### What you have to do:
Print the lines in the listing below starting at the line with "便携沙拉果蔬杯自带叉子内置冰盒外带可沥水沙拉酸奶杯早餐杯" and ending at the line with "Round and cylindrical", both included. Reproduce them exactly and omit every picture.

### Extracted records:

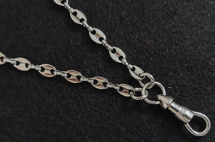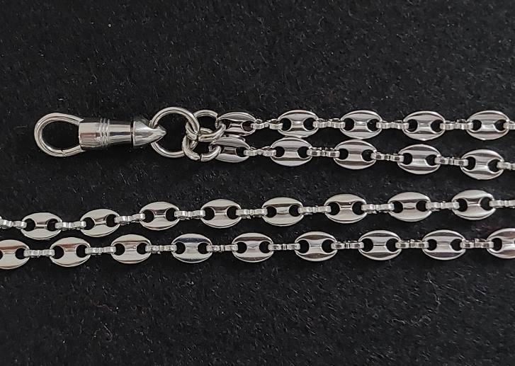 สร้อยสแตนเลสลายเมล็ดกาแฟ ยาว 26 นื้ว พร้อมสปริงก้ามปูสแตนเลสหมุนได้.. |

==

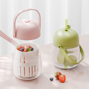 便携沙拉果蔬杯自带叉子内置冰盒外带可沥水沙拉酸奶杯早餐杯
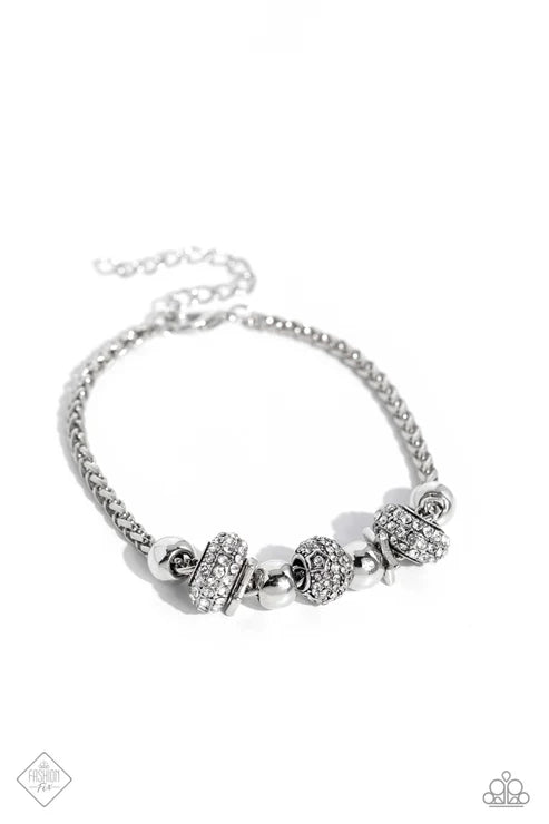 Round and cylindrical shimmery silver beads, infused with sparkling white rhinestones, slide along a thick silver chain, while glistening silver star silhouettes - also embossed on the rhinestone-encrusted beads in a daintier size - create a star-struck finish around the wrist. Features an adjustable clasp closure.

==

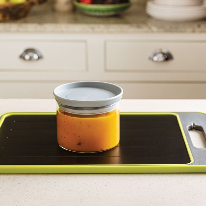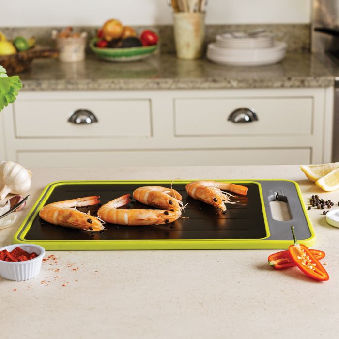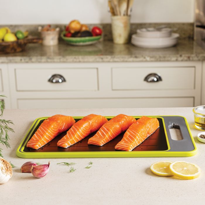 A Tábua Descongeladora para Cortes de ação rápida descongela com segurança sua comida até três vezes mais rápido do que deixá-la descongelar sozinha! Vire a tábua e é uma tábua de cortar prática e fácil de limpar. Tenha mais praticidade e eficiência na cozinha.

### Finished task:
 便携沙拉果蔬杯自带叉子内置冰盒外带可沥水沙拉酸奶杯早餐杯
 Round and cylindrical shimmery silver beads, infused with sparkling white rhinestones, slide along a thick silver chain, while glistening silver star silhouettes - also embossed on the rhinestone-encrusted beads in a daintier size - create a star-struck finish around the wrist. Features an adjustable clasp closure.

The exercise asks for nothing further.